The answer is the exact run of lines in the listing below from the line containing "設置方法は据え置き/壁掛けの両方に対応。 設置場所のすすめ: (1)家電とeRemote6の間に遮蔽物がない場所" up to and including the line containing "원주시와 NH농협(8개* 지역농축협)은", with pictures removed.

****

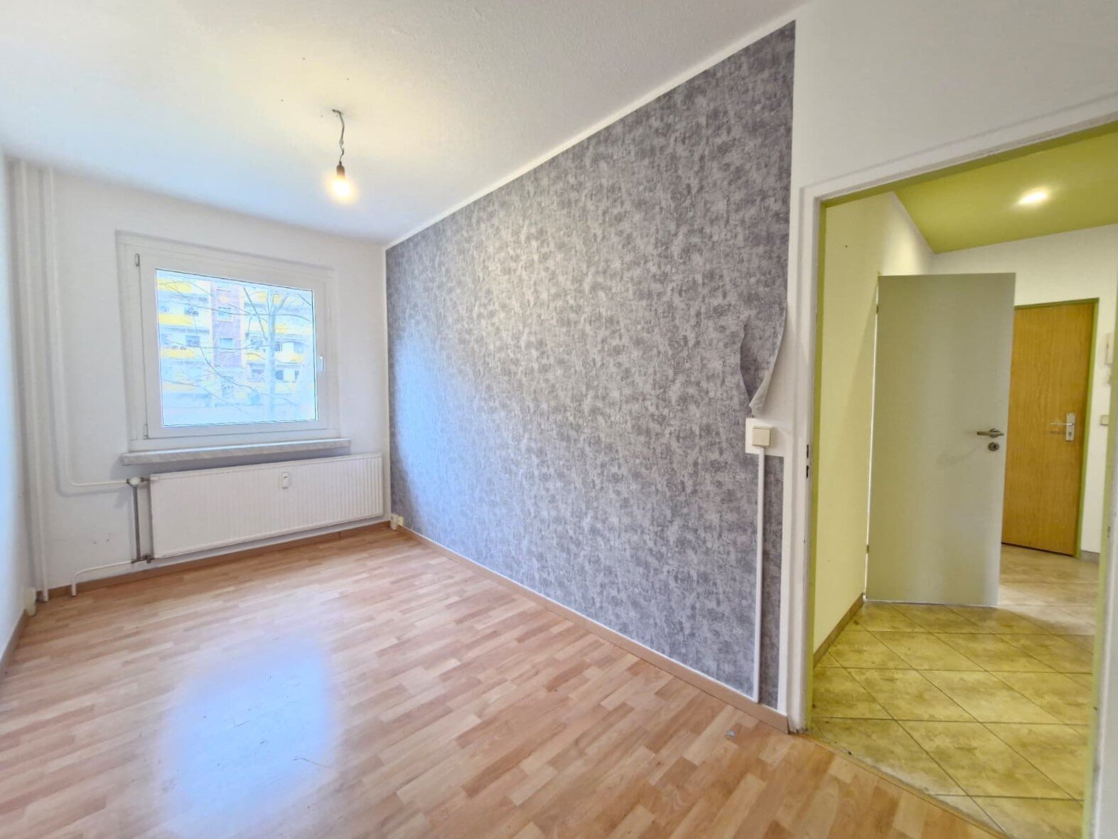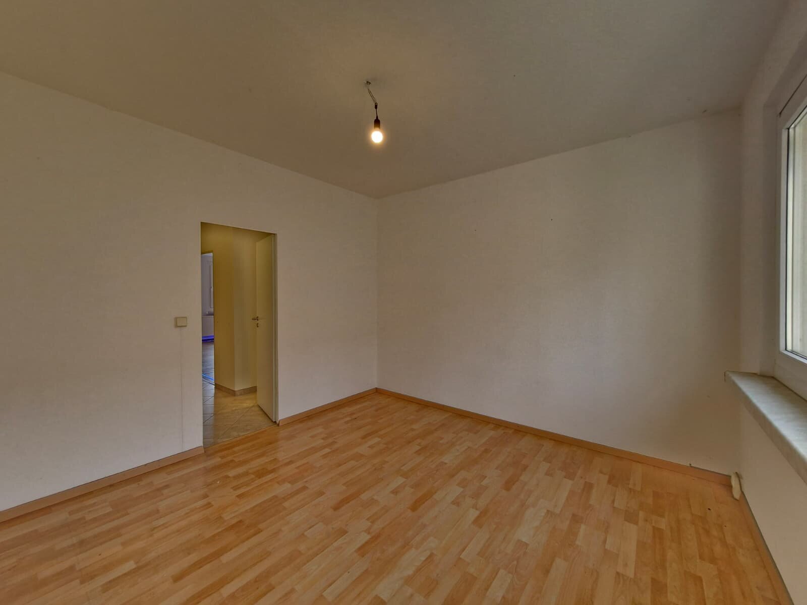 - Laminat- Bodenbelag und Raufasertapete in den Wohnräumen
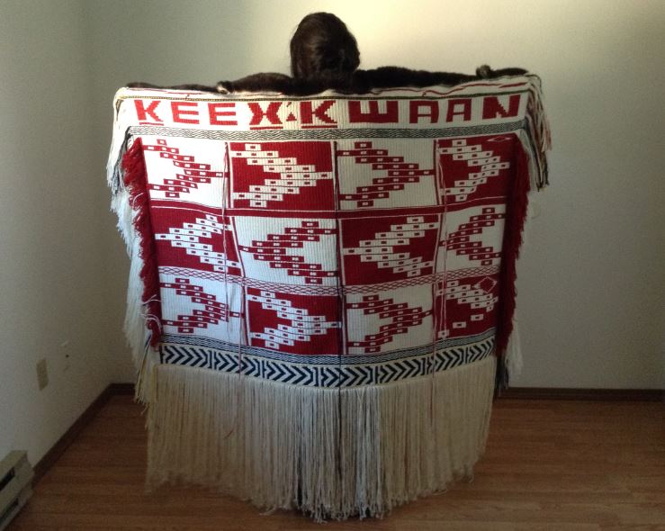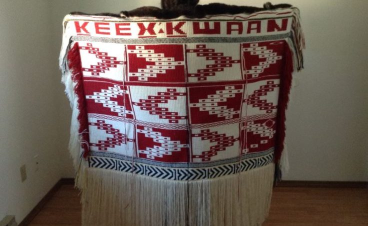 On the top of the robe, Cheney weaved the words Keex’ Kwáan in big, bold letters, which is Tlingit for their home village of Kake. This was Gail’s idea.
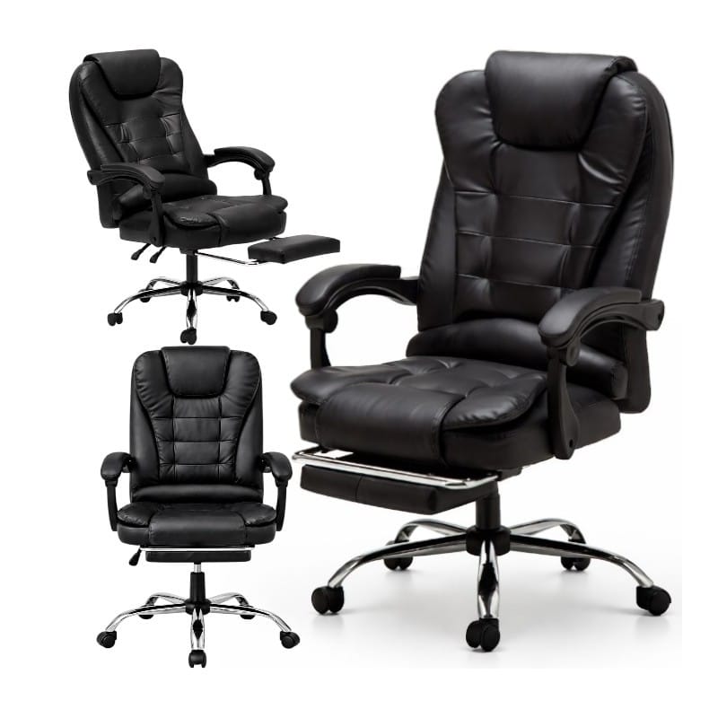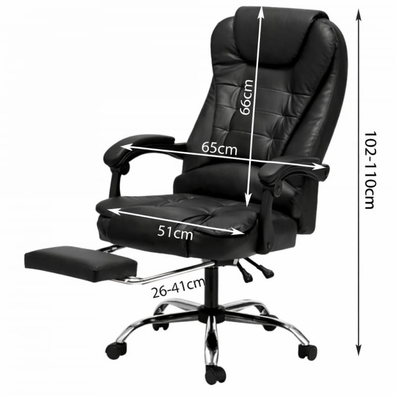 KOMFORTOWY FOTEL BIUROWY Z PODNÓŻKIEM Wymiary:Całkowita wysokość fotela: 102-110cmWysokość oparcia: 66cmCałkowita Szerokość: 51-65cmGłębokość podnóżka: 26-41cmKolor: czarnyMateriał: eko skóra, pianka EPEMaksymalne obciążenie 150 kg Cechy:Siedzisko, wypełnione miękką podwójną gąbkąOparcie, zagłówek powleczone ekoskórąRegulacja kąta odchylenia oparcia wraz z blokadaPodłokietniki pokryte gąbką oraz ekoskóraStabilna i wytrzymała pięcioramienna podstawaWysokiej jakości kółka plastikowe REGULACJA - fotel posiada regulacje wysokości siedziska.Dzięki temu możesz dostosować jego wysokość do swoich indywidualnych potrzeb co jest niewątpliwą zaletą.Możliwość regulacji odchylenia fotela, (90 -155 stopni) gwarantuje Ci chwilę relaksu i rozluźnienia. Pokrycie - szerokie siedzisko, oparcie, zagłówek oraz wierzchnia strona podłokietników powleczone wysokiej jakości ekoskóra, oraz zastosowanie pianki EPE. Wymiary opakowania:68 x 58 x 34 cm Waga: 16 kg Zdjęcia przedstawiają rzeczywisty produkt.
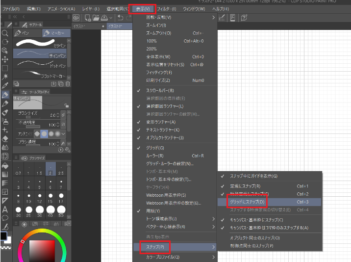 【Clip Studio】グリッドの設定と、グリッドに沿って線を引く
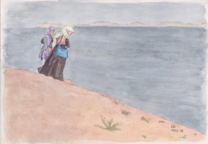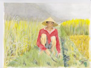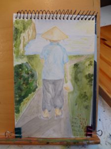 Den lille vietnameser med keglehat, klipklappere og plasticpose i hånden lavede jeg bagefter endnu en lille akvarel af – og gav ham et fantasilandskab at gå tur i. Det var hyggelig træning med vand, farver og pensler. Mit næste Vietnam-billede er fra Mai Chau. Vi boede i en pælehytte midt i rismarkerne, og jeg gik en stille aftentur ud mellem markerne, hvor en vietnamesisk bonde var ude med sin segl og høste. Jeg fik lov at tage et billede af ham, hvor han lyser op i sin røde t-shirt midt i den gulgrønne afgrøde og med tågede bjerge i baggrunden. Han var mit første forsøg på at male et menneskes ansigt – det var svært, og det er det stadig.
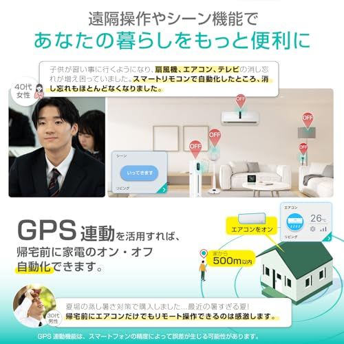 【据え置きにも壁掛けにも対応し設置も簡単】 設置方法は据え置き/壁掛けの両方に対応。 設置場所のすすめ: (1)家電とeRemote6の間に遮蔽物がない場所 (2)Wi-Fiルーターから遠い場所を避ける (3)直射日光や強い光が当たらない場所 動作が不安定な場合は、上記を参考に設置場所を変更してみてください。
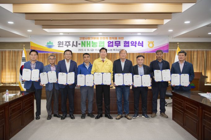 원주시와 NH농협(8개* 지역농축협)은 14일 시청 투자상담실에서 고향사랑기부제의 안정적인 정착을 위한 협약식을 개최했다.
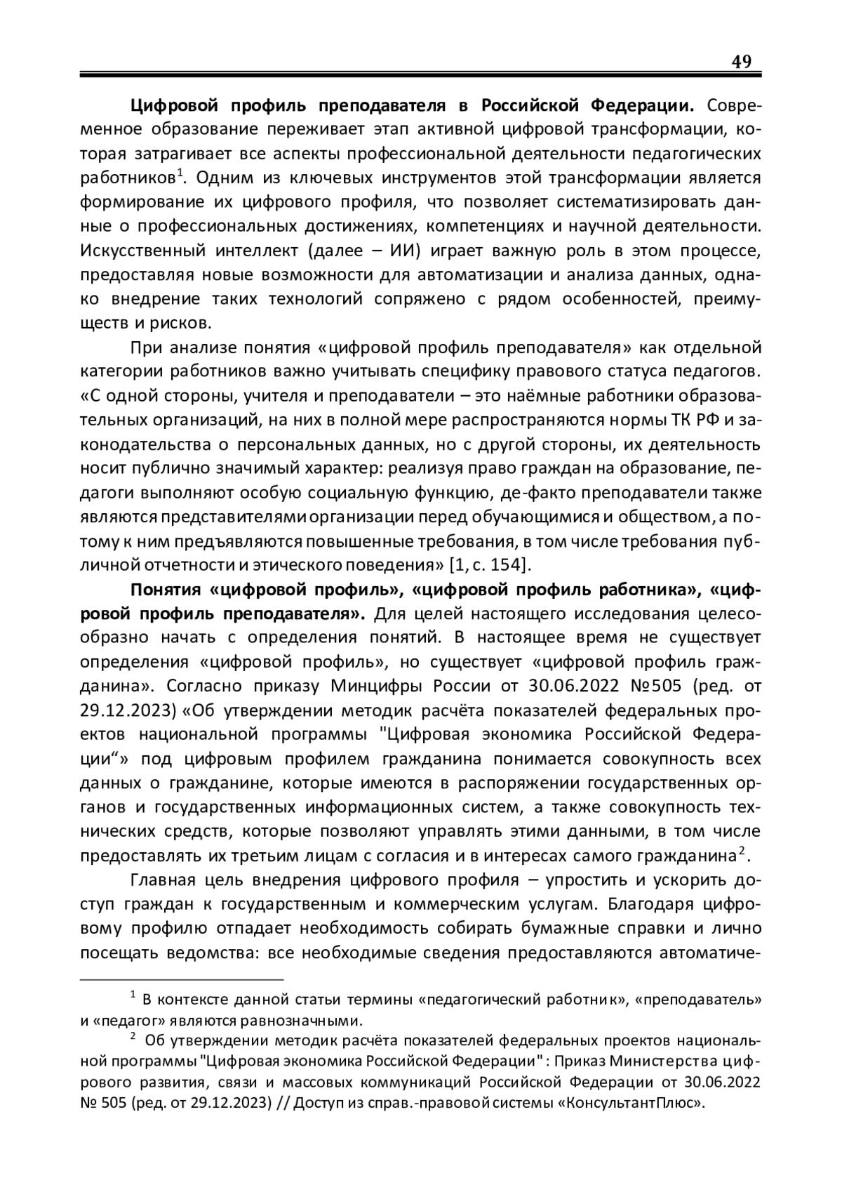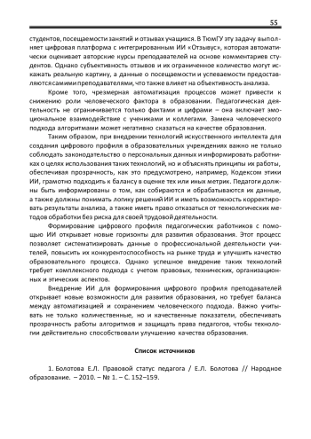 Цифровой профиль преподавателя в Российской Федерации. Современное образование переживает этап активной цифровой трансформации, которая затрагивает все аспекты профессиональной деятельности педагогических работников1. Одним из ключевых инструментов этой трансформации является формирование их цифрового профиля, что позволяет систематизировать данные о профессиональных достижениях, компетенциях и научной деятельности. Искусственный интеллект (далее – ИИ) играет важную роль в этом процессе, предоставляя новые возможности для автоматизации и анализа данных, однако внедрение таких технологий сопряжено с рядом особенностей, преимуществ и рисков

****

> REPLY TO THE EXERCISE:
 【据え置きにも壁掛けにも対応し設置も簡単】 設置方法は据え置き/壁掛けの両方に対応。 設置場所のすすめ: (1)家電とeRemote6の間に遮蔽物がない場所 (2)Wi-Fiルーターから遠い場所を避ける (3)直射日光や強い光が当たらない場所 動作が不安定な場合は、上記を参考に設置場所を変更してみてください。
 원주시와 NH농협(8개* 지역농축협)은 14일 시청 투자상담실에서 고향사랑기부제의 안정적인 정착을 위한 협약식을 개최했다.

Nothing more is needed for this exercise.